== Problem ==
An exact restatement of all the data is required, with the pictures left out.

== Data shown ==
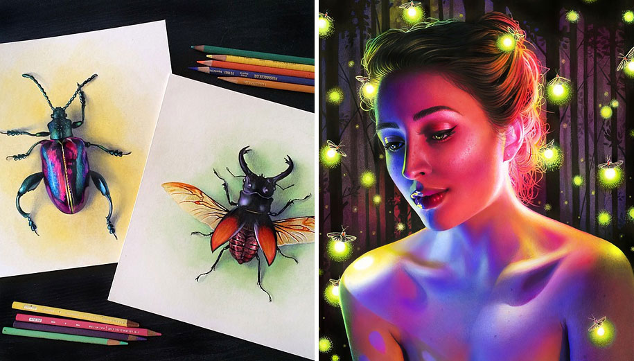 Morgan est une jeune femme de 22 ans qui adore utiliser des crayons de couleur pour dessiner. Mais détrompez-vous, elle ne fait pas de simples coloriages. Cette artiste utilise toute une palette de couleurs pour donner vie à des dessins hyperréalistes. Ses illustrations vont des portraits fantaisistes aux animaux tout droit sortis d’un arc-en-ciel en passant par des insectes de contes de fées. Découvrez ces créations surprenantes et pleines de gaieté.
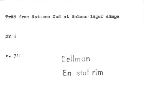 //// Träd fram Nattens Gudi at SoLens lågor dämpa //// Nr 3 //// s. 31i //// En stu( rim
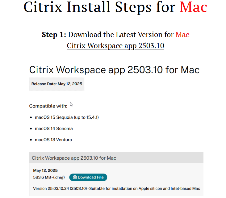 Citrix Workspace Version Issue for MAC
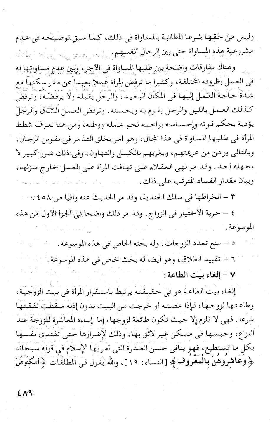 وليس من خقها شرعا المطالبة ءبالمساواة فى ذلك، كما سبتي توضيخه فى: عدم

== Solution to the problem ==
 Morgan est une jeune femme de 22 ans qui adore utiliser des crayons de couleur pour dessiner. Mais détrompez-vous, elle ne fait pas de simples coloriages. Cette artiste utilise toute une palette de couleurs pour donner vie à des dessins hyperréalistes. Ses illustrations vont des portraits fantaisistes aux animaux tout droit sortis d’un arc-en-ciel en passant par des insectes de contes de fées. Découvrez ces créations surprenantes et pleines de gaieté.
 //// Träd fram Nattens Gudi at SoLens lågor dämpa //// Nr 3 //// s. 31i //// En stu( rim
 Citrix Workspace Version Issue for MAC
 وليس من خقها شرعا المطالبة ءبالمساواة فى ذلك، كما سبتي توضيخه فى: عدم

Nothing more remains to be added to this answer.